When I was a lad I served a term,
As [redacted] to an attorney's firm,
I, er, did this'n'that while distracted,
And I polished up the knockers of the [redacted].
I polished those knockers so quietlee
That now I am a personage Parli'mentary.

CHORUS: He polished up those knockers so quietlee,
That now he is a personage Parli'mentary.

As [redacted] I made such a mark,
That they gave me a post on which I can't remark,
I served the writs for a case I can't name,
And I copied certain letters on a person of Fame.
I copied all the letters so obscurely,
That now I am a personage Parli'mentary.

CHORUS: He copied all those letters so obscurely,
That now he is a personage Parli'mentary.

In serving writs I made such a name,
That a [redacted] I soon became;
I wore clean collars and a brand new tie,
For the [redacted occurrence] at a place in Ely;
And that [redacted occurrence] did so well for me,
That now I am a personage Parli'mentary.

CHORUS: That [redacted occurrence] did so well for he,
That now he is a personage Parli'mentary.

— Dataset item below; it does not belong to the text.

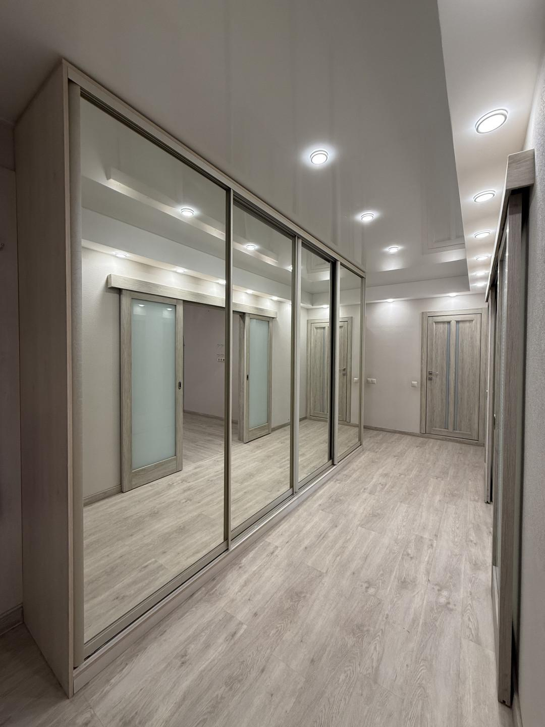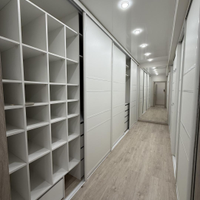 Гардеробная площадью 10,4 кв. м. со встроенными шкафами различной вместительности.

Of legal knowledge I acquired such a grip,
That all other libel lawyers I did soon outstrip;
And that [redacted employer] was, I ween,
The only [redacted] I ever had seen.
But that kind of thing so suited me,
That now I am a personage Parli'mentary.

CHORUS: And that kind of thing so suited he,
That now he is a personage Parli'mentary.

I grew so rich that I was sent
By an overwhelming safe-seat into Parli'ment.
I always voted at my party's call,
And I stuffed my pockets 'till they were absurdly full.
I did so little good, they rewarded me,
By making me the ruler of [redacted entity]!

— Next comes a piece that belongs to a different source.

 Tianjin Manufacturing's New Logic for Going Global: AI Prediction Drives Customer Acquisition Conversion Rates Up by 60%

CHORUS: He did so little good, they rewarded he,
By making him the ruler of [redacted entity]!

Now, sinners, all, wherever you may be,
If you want your peccadilloes in obscurity,
If your soul isn't fettered by an honest rule,
Be careful to be guided by this golden rule –
Stick close to your cash and give your lawyer's fee,
And you all may be like [redacted personality]!

CHORUS: Stick close to your cash and give your lawyer's fee,
And you all may be like [redacted personality]!